Observation: The Tax Court, in Union Carbide Foreign Sales Corp., (2000) 115 TC 423, reached an opposite conclusion with respect to the application of Code Sec. 167(c)(2) when a tenant pays a lease termination fee in conjunction with the purchase of the property it leased (see Federal Taxes Weekly Alert 11/16/2000). Specifically, in that case, the taxpayer purchased a ship in order to terminate a burdensome lease on it. In a case of first impression, the Tax Court held that the taxpayer could not allocate a portion of the cost of acquiring the vessel to the termination of the lease because Code Sec. 167(c)(2) required the entire cost to be allocated to the basis of the vessel. The district court acknowledged the Tax Court decision but respectfully disagreed with its reasoning and conclusions.
The district court then held that, under Cleveland Allerton Hotel, (CA 6 1948) 36 AFTR 862, ABC was entitled to claim, as a business expense, the cost associated with buying out an onerous lease.
Record not sufficient to determine year for taking the deduction. IRS also argued that the economic performance requirement of Code Sec. 461(h) was not satisfied until the seller transferred title to the property in ’99, and therefore the deduction was not proper until ’99. ABC claimed that liability was established six months after it notified Landlord in December ’96 it was exercising its right to purchase the property. The court said that, viewing the evidence in a light most favorable to ABC, there was a genuine issue of material fact when the amount of liability was established with reasonable accuracy.

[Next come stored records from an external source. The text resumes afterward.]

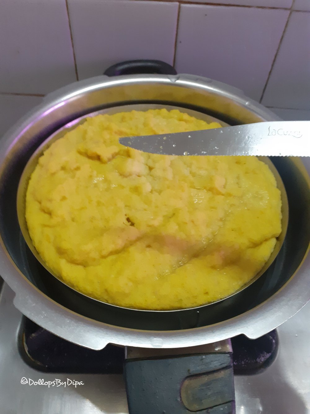 5. Check with a knife if the dhokla is cooked or not. If the knife comes out clean, it is cooked. Turn off the flame and remove the plate.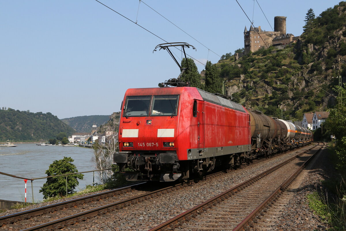 145 024 mit einem gemischten Güterzug am 7. August 2022 bei Harrbach im Maintal.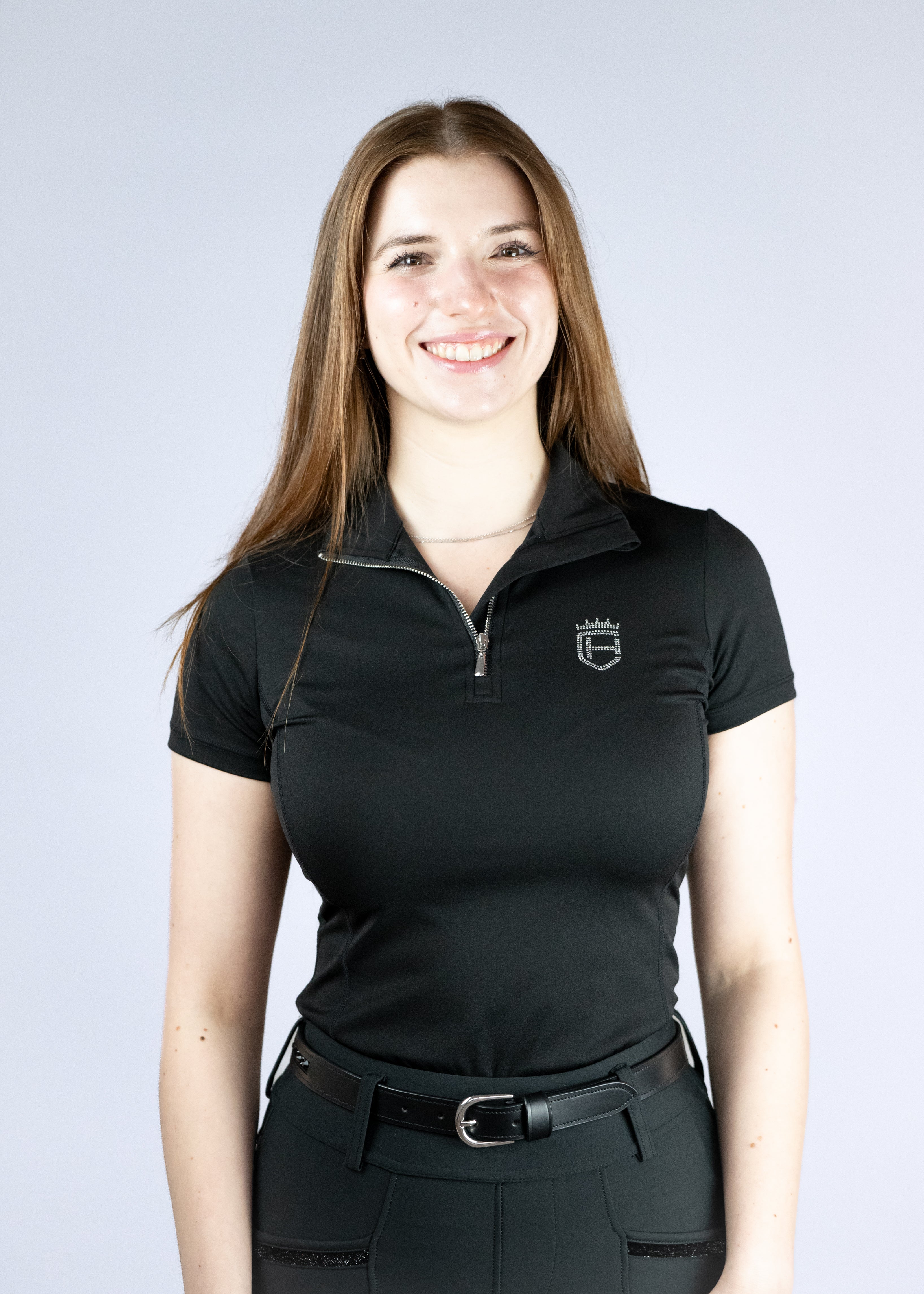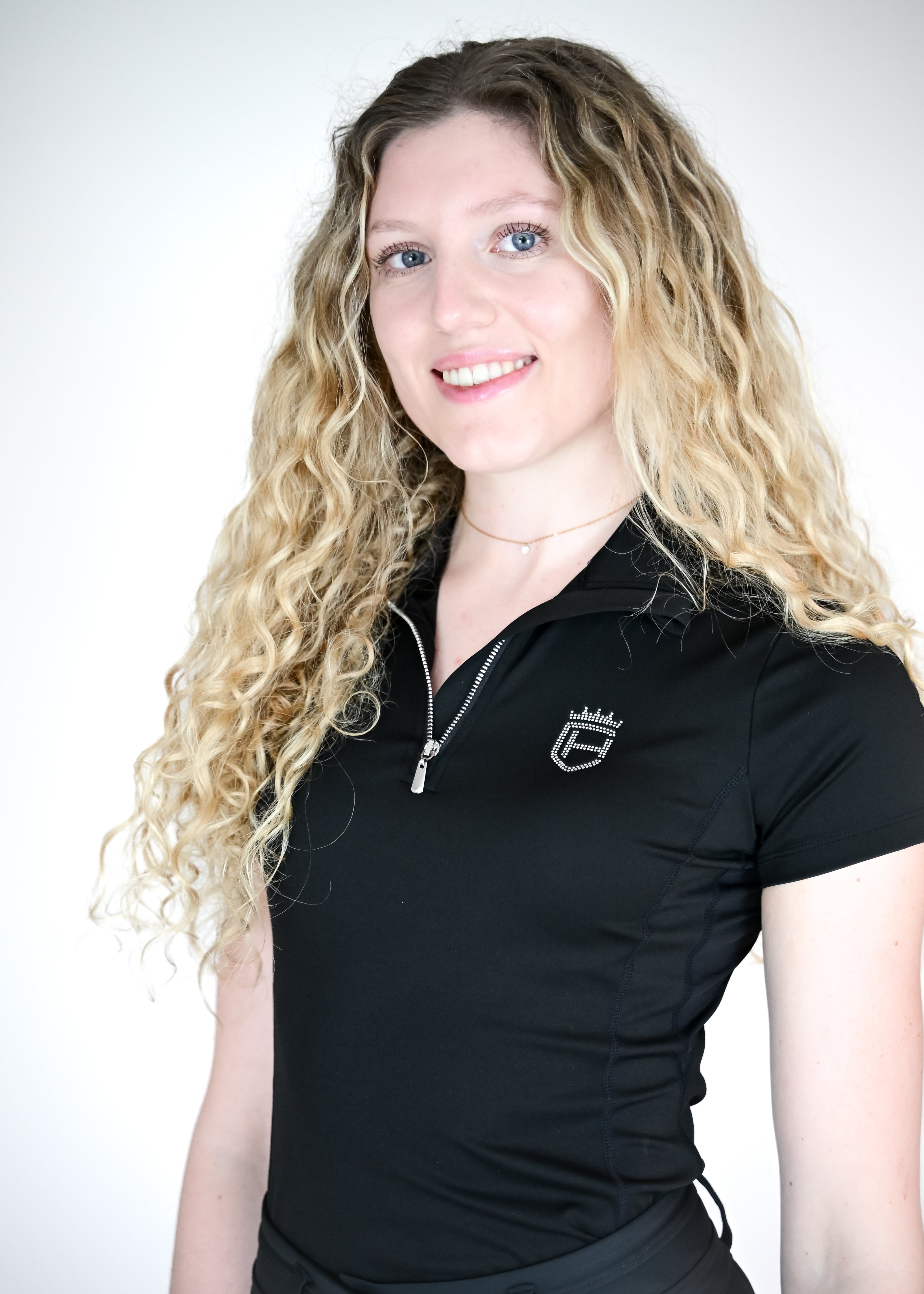 Das schwarze Funktions-T-Shirt überzeugt mit atmungsaktivem Material für ein angenehmes Tragegefühl bei jeder Aktivität. Der sportliche V-Ausschnitt mit edlem Halfzip-Reißverschluss bietet flexible Belüftung und verleiht dem Design einen modernen Touch. Die elastische Passform bietet maximale Bewegungsfreiheit und schmiegt sich angenehm an den Körper an. Unser dezentes Logo mit funkelnden Strasssteinen auf der Brust rundet den Look stilvoll ab.

Bottom line. Under Sixth Circuit precedent, the Court held that ABC was entitled to claim a deduction for the portion of the purchase price that could be attributed to buying out the excessive lease. ABC established the fair market value of the property, that the lease was excessive, and that the amount it paid to acquire the property over the fair market value of the property was attributable to buying out the onerous lease. However, a genuine issue of material fact precluded summary judgment on when the deduction could be taken. The proper deduction year would have to be determined in an additional proceeding.